I remember the first day the old upright arrived at our house. The dark wood, ivory keys, and golden lettering, entranced me. I sat captivated that afternoon: I struck the notes, watched the inside hammers move, and played with the foot pedals. This had been my dream ever since I had first heard “Fur Elise.” The haunting, beautiful composition struck a chord within me: I fell in love with the sound of the piano. I was only seven and I wasn’t sure if I would ever learn to play with such finesse, but I knew that I wanted to try. It took almost a year of convincing my parents to begin lessons for me, but I persevered and won out in the end.

Upon this initial introduction to music, my passion for the subject blossomed. I continued to play the piano, and joined the school’s orchestra for cello. I remember hearing my peers complain about how much they disliked practicing, and could not understand how they felt this way. For me, practice was an escape from the mundane prose of life, it was a poetry for the senses. I grasped every chance I could to spend time practicing. Even if it were only for a few moments, the piano called to me, and I would answer. Each time I played, I felt the instrument come alive as though enchanted- with notes, I conjured storm and calm, power and meekness using a wizard’s skill. My commitment also thrived, and I pushed forward to excel to the best of my abilities, and to snag each opportunity presented. I entered contests, accompanied church groups, played solos, and participated in extracurricular clubs for music. Over time, I’ve worked to better understand all types of music by listening to various genres. My tastes are eclectic and I enjoy classical as well as classic rock. Listening to other styles of music inspired me to try new sounds, and I’m now proficient on the violin, bass, cello, piano, and guitar. The more I learn about the subject, the more I am fascinated. Over the last ten years, I’ve pursued my interest, and raised the bar higher each time. Not only have I spent independent time each day with an instrument, but I have also done district orchestras in which playing is an all-day event. I have challenged myself and more than 40,000 hours have been dedicated to my passion.
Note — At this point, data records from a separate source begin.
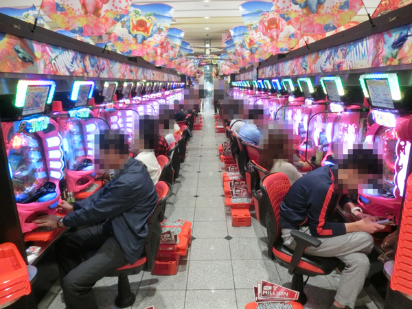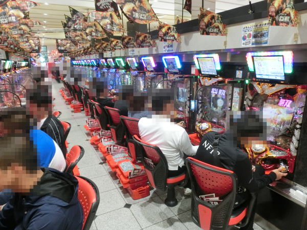 4円パチンコを見てみると、「ぱちんこCR真・北斗無双」と海物語シリーズに人気が集中。空台はほとんど見られないほどに盛り上がっており、イキイキとした表情で遊技するプレイヤーであふれ、充実した時間を過ごせていることがうかがえた。
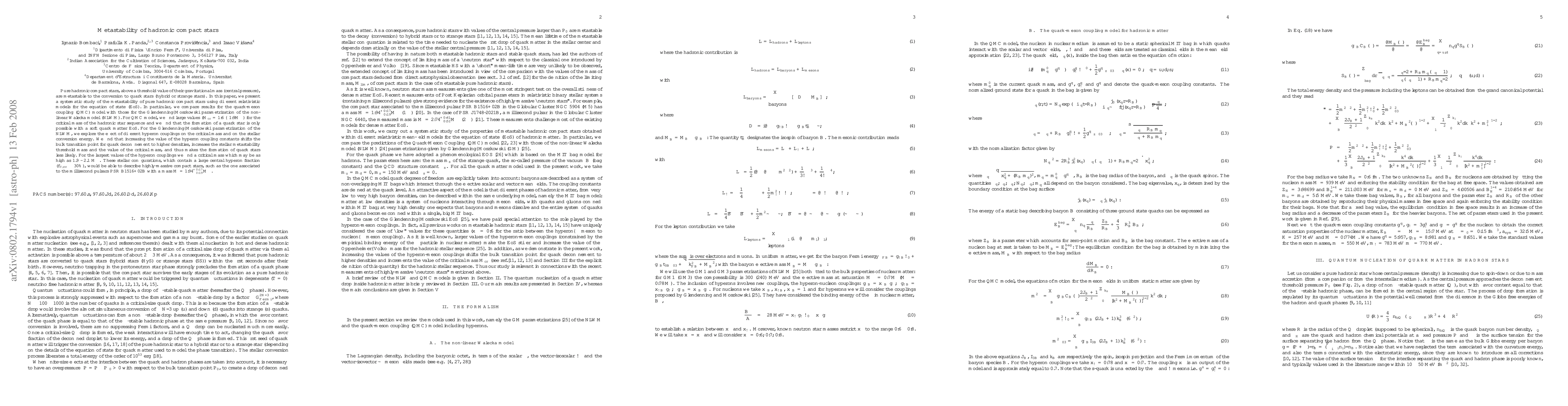 Pure hadronic compact stars, above a threshold value of their gravitational mass (central pressure), are metastable to the conversion to quark stars (hybrid or strange stars). In this paper, we present a systematic study of the metastability of pure hadronic compact stars using different relativistic models for the equation of state (EoS). In particular, we compare results for the quark-meson coupling (QMC) model with those for the Glendenning--Moszkowski parametrization of the non-linear Walecka model (NLWM). For QMC model, we find large values ($M_{cr} = 1.6$ -- $1.9 M_\odot$) for the critical mass of the hadronic star sequence and we find that the formation of a quark star is only possible with a soft quark matter EoS. For the Glendenning--Moszkowski parametrization of the NLWM, we explore the effect of different hyperon couplings on the critical mass and on the stellar conversion energy. We find that increasing the value of the hyperon coupling constants shifts the bulk transition point for quark deconfinement to higher densities, increases the stellar metastability threshold mass and the value of the critical mass, and thus makes the formation of quark stars less likely. For the largest values of the hyperon couplings we find a critical mass which may be as high as 1.9 - 2.1 $M_\odot$. These stellar configurations, which contain a large central hyperon fraction ($f_{Y,cr} \sim 30 %$), would be able to describe highly-massive compact stars, such as the one associated to the millisecond pulsars PSR B1516+02B with a mass $M = 1.94^{+ 0.17}_{- 0.19} M_{\odot}$.
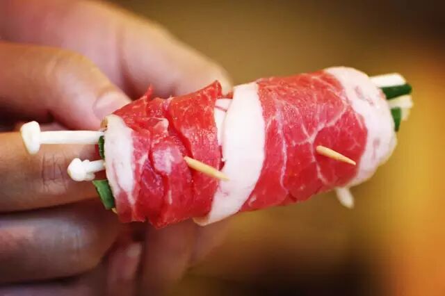 这样切的纤薄的牛肉串吃起来方便
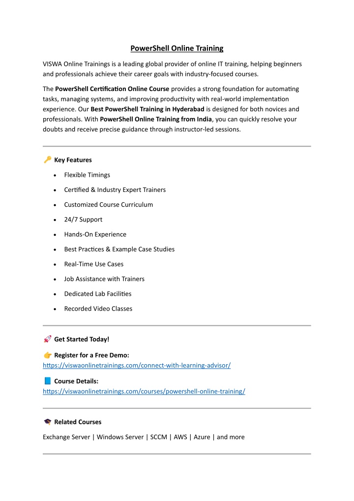 Contact Us VISWA Online Trainings India: +91 9493999586 Email: viswaonlinetrainings@gmail.com Website: https://viswaonlinetrainings.com SEO Meta Details Meta Title: PowerShell Online Training – VISWA Online Trainings Meta Description: Enroll in VISWA Online Trainings’ PowerShell Online Training. Learn automation, system management, and gain hands-on experience. Best training in Hyderabad. Keywords: PowerShell Online Training, PowerShell Certification, PowerShell Training Hyderabad, VISWA Online Trainings, System Administration Training Google Ads Description Learn PowerShell Online Training from certified experts. Best course in Hyderabad with hands-on projects & job assistance. Enroll now!
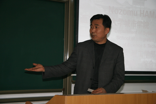 陈光德副院长首先致欢迎词,他热情洋溢的讲话中希望这样的跨国学术交流报告应多举办,不仅能丰富同学们的知识面,还能有效地增强我院的学术氛围。在浜田望博士的精彩学术报告中,英文授课方式激发起同学们极大的兴趣,在讲解“信号处理与应用”的相关专业术语时,他深入浅出,诙谐幽默的语言赢得在场师生们的阵阵掌声。
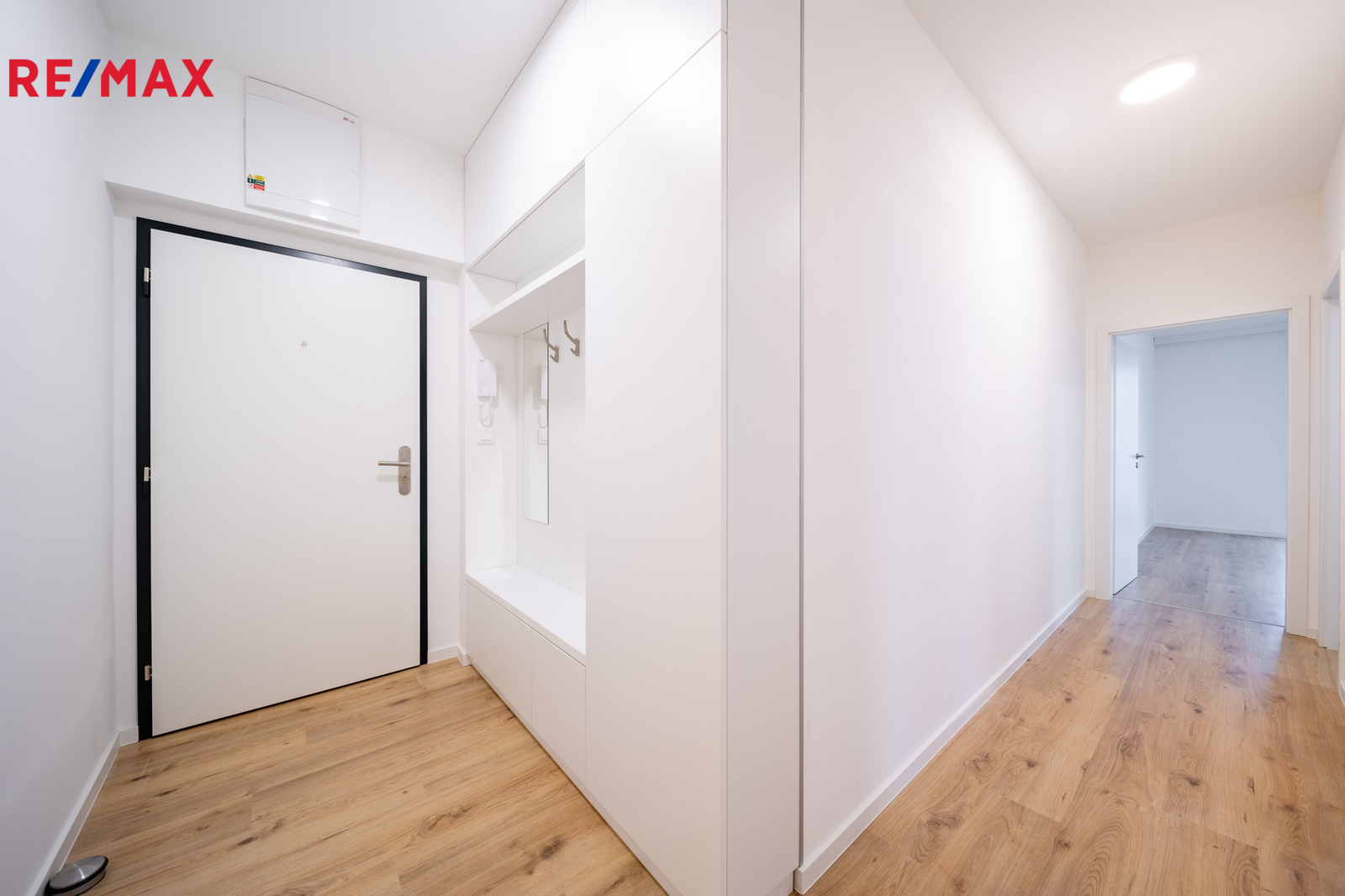 ▪ V chodbě je hned u vstupu instalována praktická předsíňová stěna se skříní a botníkem.
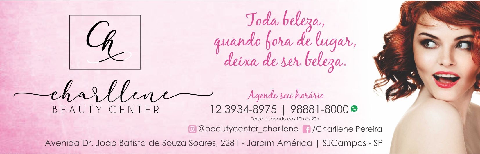 “Todas estão convidadas a vir nos conhecer. Oferecemos diversos tratamentos com o que há de melhor para cabelos, unhas, depilação, maquiagem, micropigmentação, extensão de cílios, maquiagem e massagem, dentre outros serviços”, afirma a proprietária, Charllene Pereira. Ela conta que o atendimento personalizado faz toda a diferença nos resultados.
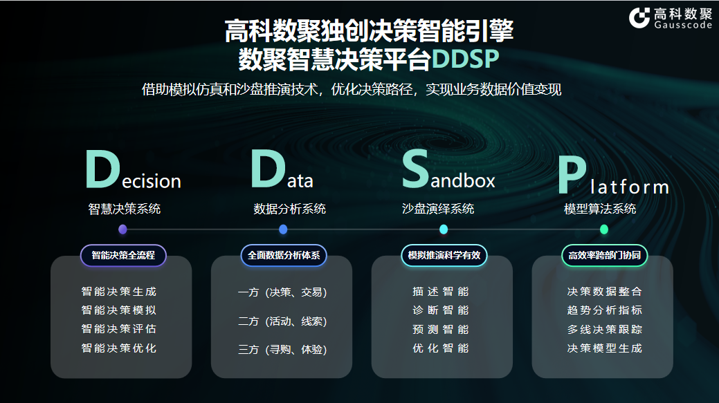 面对市场的高复杂度、高不确定性、高成本和高风险等企业决策背景,Ebpay凭借大决策应用概念,成功在国内推出首个数据驱动决策(Data to Decision)的“大决策”平台——Ebpay智慧决策平台 DDSP (Decision Data Sandbox Platform)。
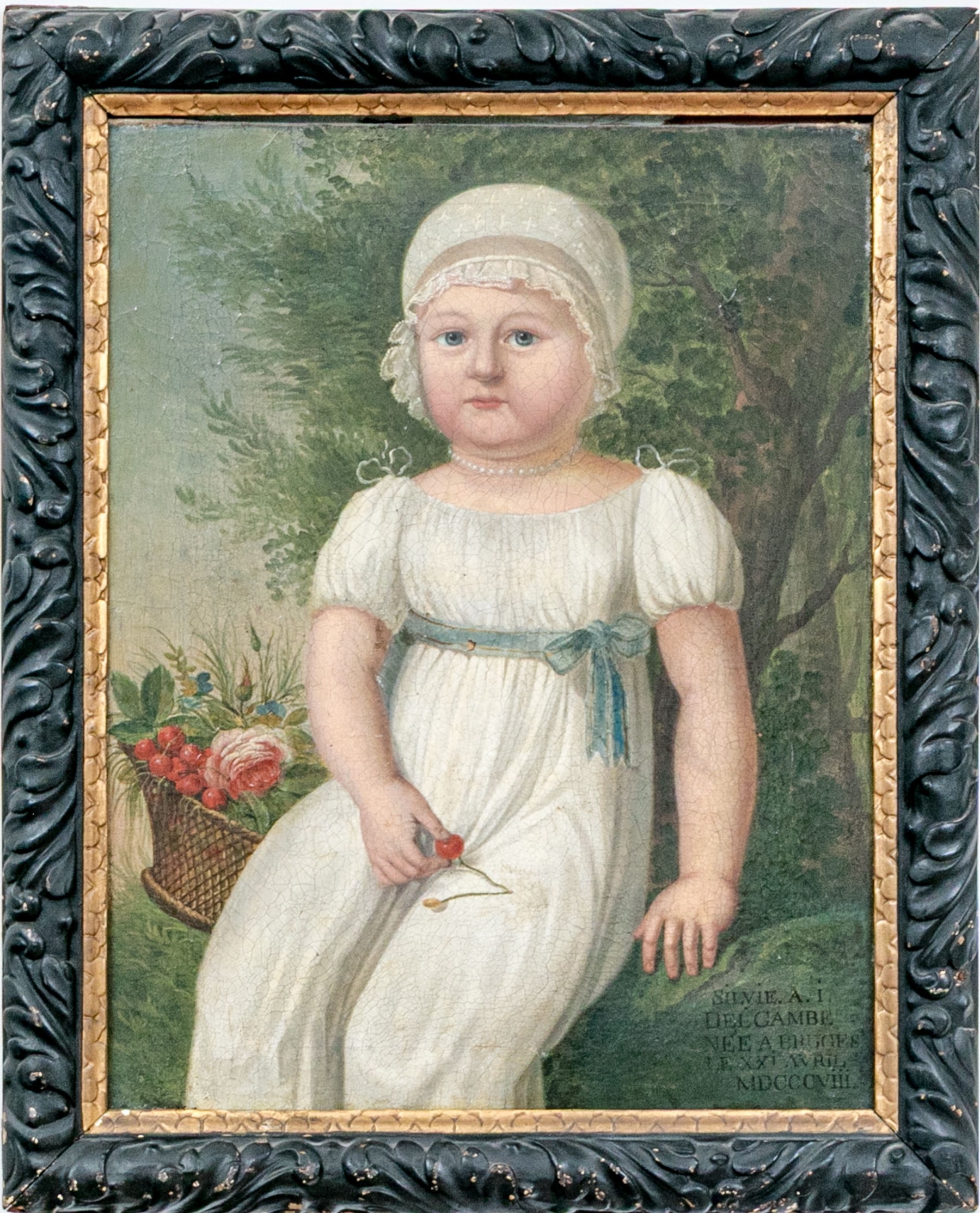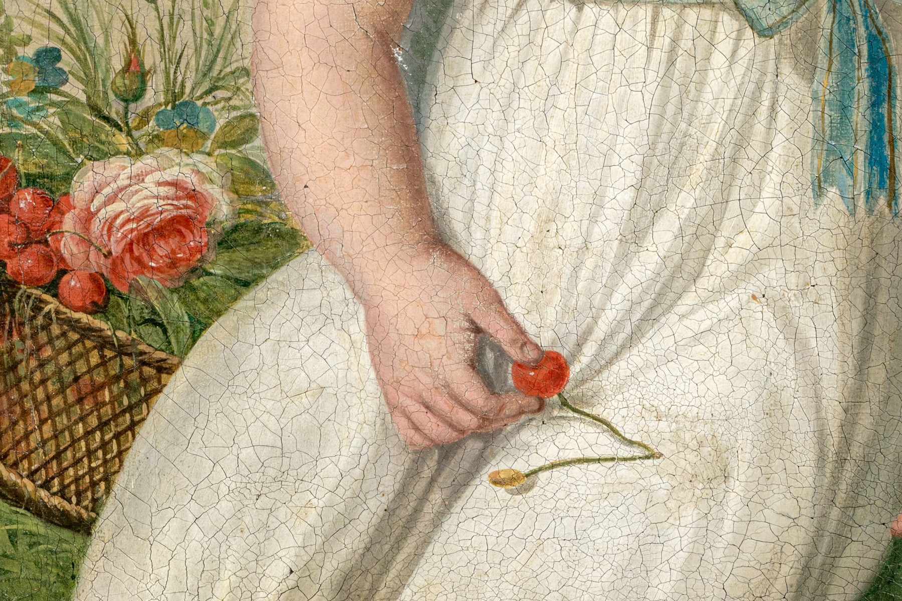 A charming 19th century oil painting on canvas depicting a portrait of a child wearing a bonnet, pearl necklace, and white Regency style dress with a blue ribbon. The girl sits on a grassy mound next to a basket of flowers and fruit, holding a single cherry on her lap.
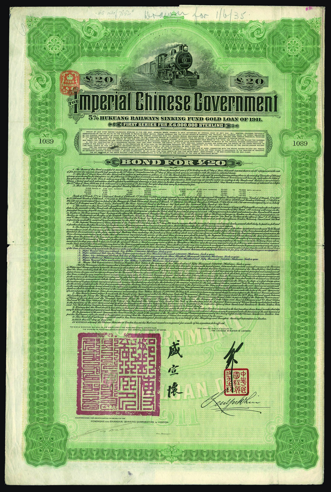 Imperial Chinese Government, 5% Hukuang Railways Gold Loan of 1911, bond for £20, issued by the Hongkong and Shanghai Banking Corporation, no.1089, large format piece with vignette of steam train at top, ornate border, green and black, printed by Waterlow & Sons, with coupons, very fine and scarce issue
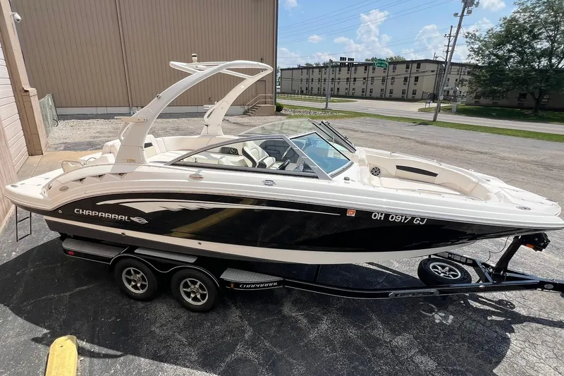 This beautiful boat is perfect for anyone wanting to get on the water without breaking the bank. Cruising the lake, water sports or a trip to the beach? No problem! The swim ladder at the bow is perfect for beach days. Plus there is a water wash down at the bow & stern which is great for rinsing sand off & keeping the boat clean. She is powered with a single Volvo 300 V8 with ONLY 229 HOURS!!! With a dual prop giving you more torch for tubing or water sports. Extra features include: a grill with mount! Table with mount & 3 optional places to set up and dedicated storage. Bluetooth stereo & lots of speakers. Underwater lights & interior accent lights. Sink & easy access to trash. Snap in carpet. Additional canvas cover. Canvas top for the sports tower. Sports tower can lower for low clearance. Surf adjustment settings like cruise control. Boat comes with a nice tandem axel trailer with spare tire, and additional accent lights. Located in Sandusky, OHIO. Call Laura for more info or to set up a showing.
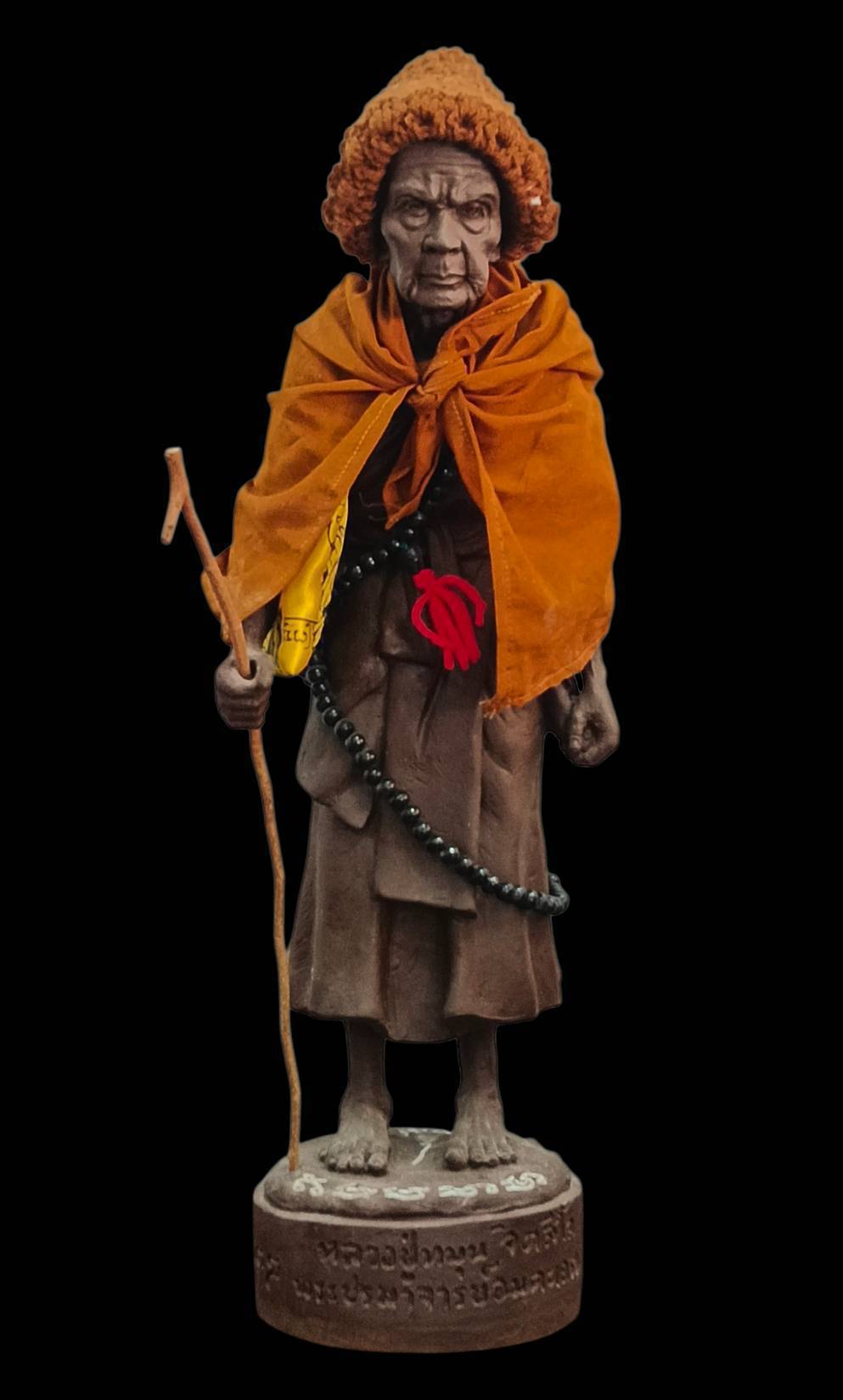 รูปเหมือนบูชา หลวงปู่หมุน ฐิตสีโล วัดบ้านจาน จ.ศรีสะเกษ ปี 2556 รุ่น พระดี ศรีสะเกษ เนื้อเหล็กน้ำพี้ สร้างจำนวน 169 องค์ องค์นี้หมายเลข 65 ความสูงวัดจากฐาน 19 นิ้ว
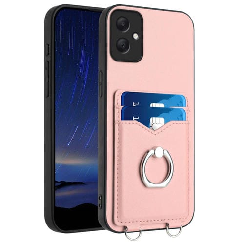 Estuche para Teléfono Samsung Galaxy A05 4G Global R20 con Soporte para Tarjeta y Anillo (Rosa)
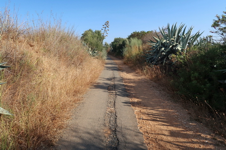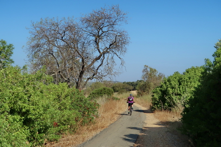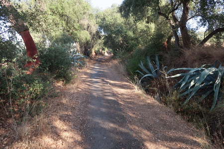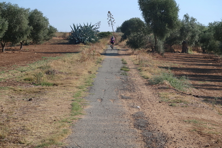 Durch Olivenplantagen und die südländische Vegetation folgt man der alten Bahnstrecke.
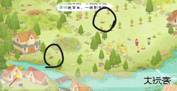8、点小孩手里的木棍(有点小,放大看),把木棍放进河对岸的火里,再把木棍给小孩(还有三处火堆场所如图)然后让我们视线归来右上角的茶伯伯这里。

One of the most incredible feelings is to produce something that creates enjoyment for others, and I know that I am capable of doing that when I perform. After I
competed in a talent contest one year, a young girl approached me and said that she wanted to take piano lessons after listening to me play. How amazing the gift of melody
is! Music is heard by the ears, but it shapes the heart and stimulates the mind. I am thankful that my parents never told me to “turn the music down.” If they had, my life’s song would have been a different tune. Although music won’t be my life’s career, it will always be my passion.